Le tronc d’arbre est constant dans la prise de vue ou alors il est rajouté, dessiné.
Le pandanus est l’arbre privilégié de séries de peintures. Pandanus des Hauts vacoa marron endémique. Vacoa des bas – pinpin – aux origines pacifiques malaises exotiques. Racines aériennes et multiples. Tronc – tige. Comme le goni (toile de jute), le ballot et la tente faits à partir des feuilles vacoa font partie des marqueurs de la réunionnité, en concurrence avec les emballages modernes en plastique qui correspondent davantage aux normes européennes. Faculté d’adaptation dans le monde tropical en évolution.

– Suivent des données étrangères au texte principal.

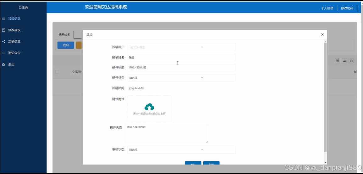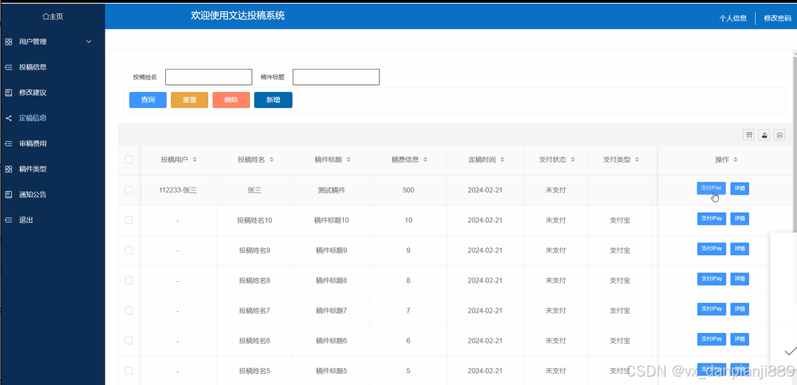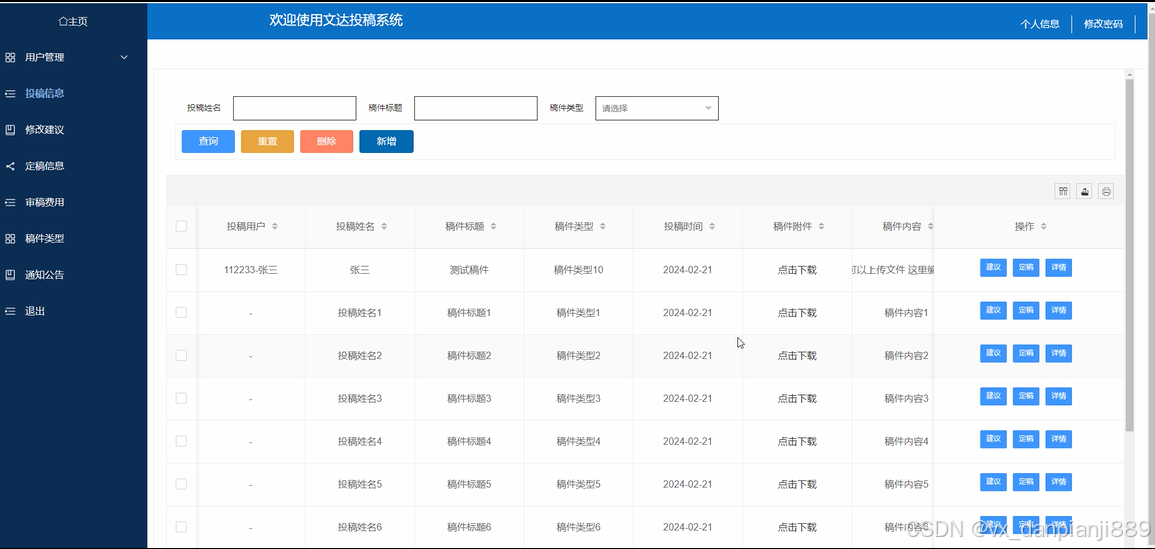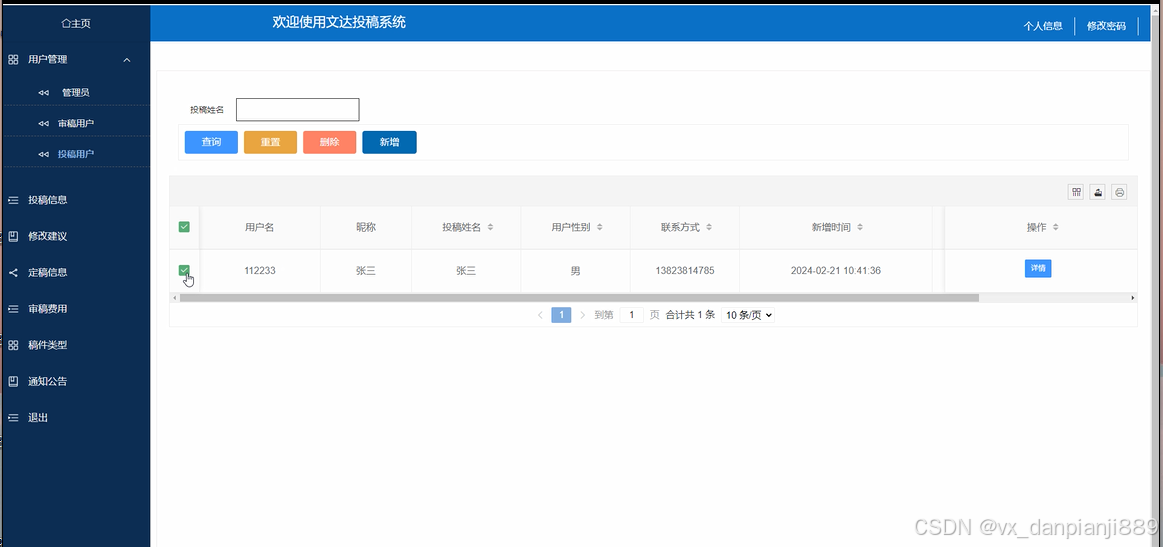 投稿用户点击“投稿信息”菜单按钮,可以对投稿信息进行增删改查等操作,如下图所示。
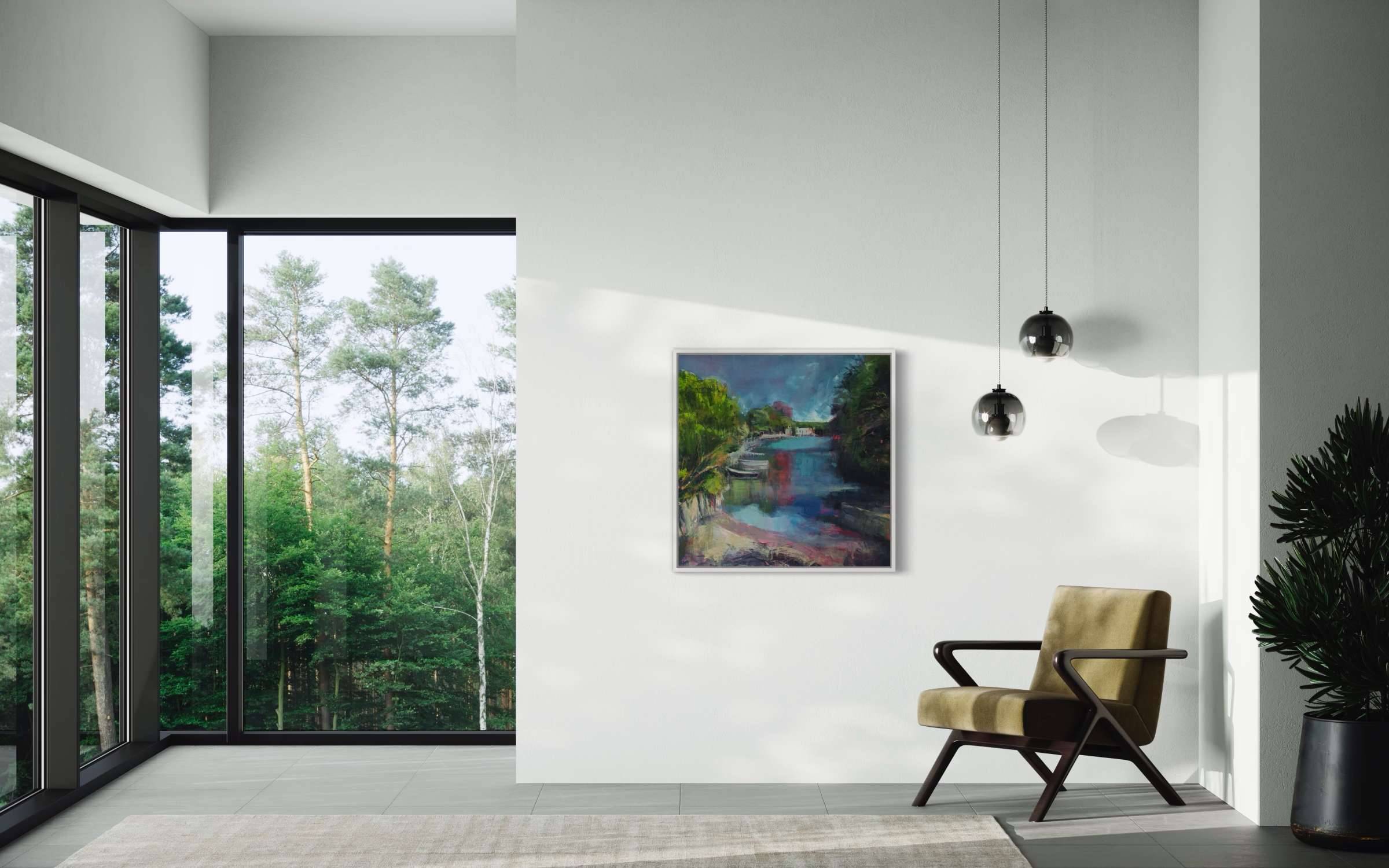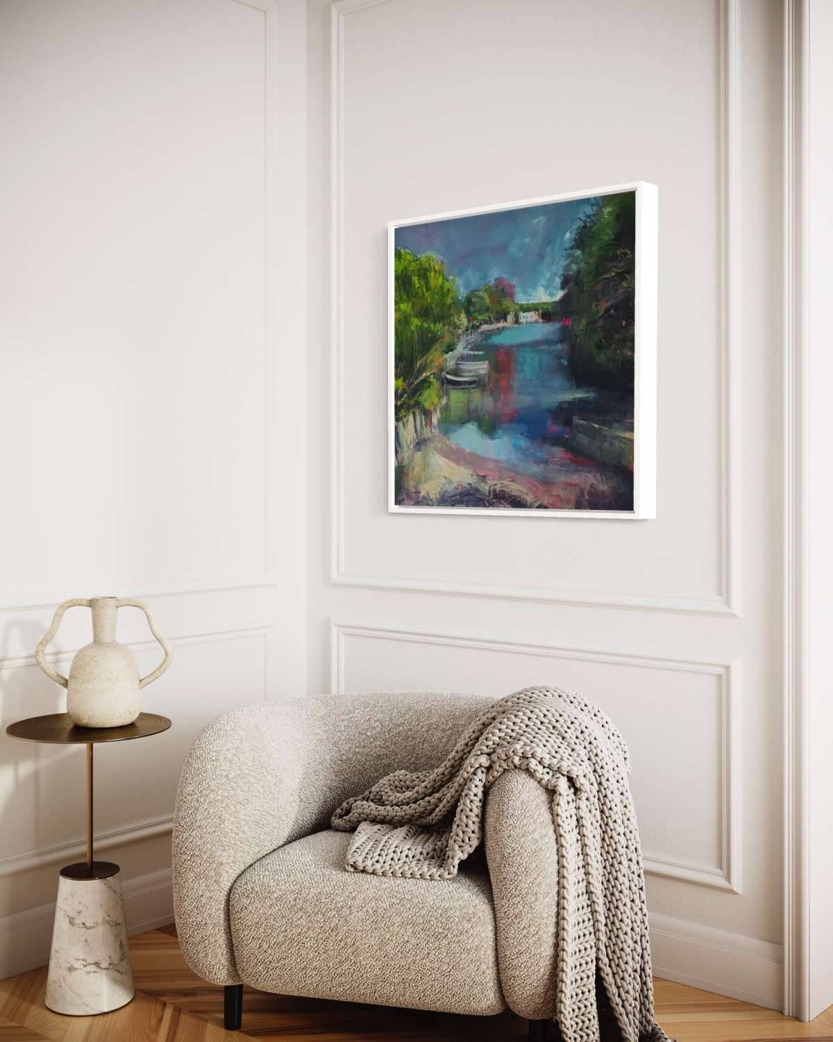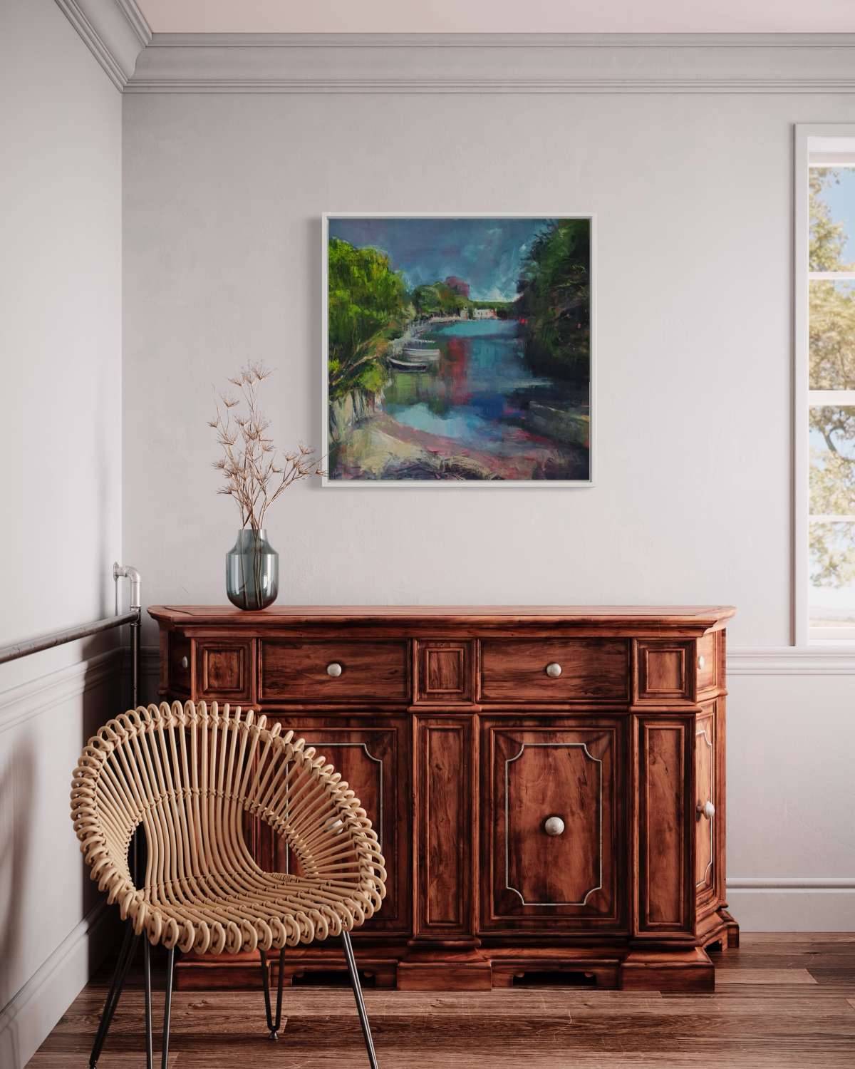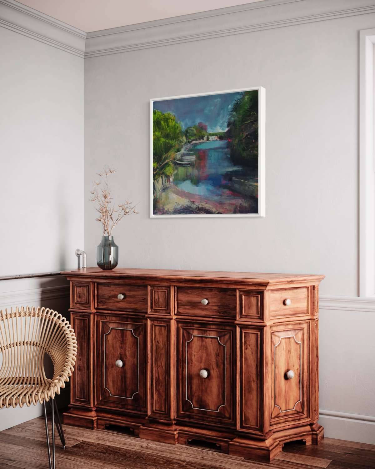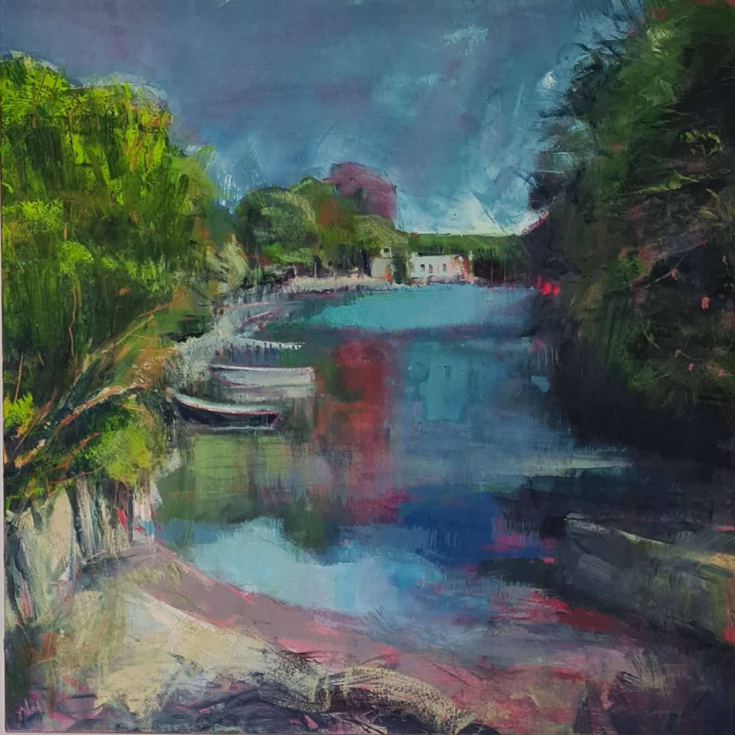 A happy day, the sun shone, the village celebrated. This is the view looking up towards the Port Navas Yacht Club which is a real hub of activity. I wanted to capture the light and joy of the day and accentuate the pinks in the camellias and in the reflected water. This is a brighter palette for me and I think it captures the intensity of light in an English midsummer day

Kako entreprend une sorte d’artgénéalogie. Les origines deviennent accessibles par une économisation des identités. Les voyages – promenades voudraient relier au présent une réalité douloureuse du passé. Il s’agit sûrement d’une tentative de conjurer les peurs liées aux migrations, une façon d’adoucir la brutalité du déchire­ment lié à l’exil, une réconciliation des mémoires racinées – forcées ou volontaires – d’hier, aujourd’hui et demain.

Préface du catalogue d’exposition Le tour des origines d’un nouveau monde – Made in India, édition Kf actory, 2013.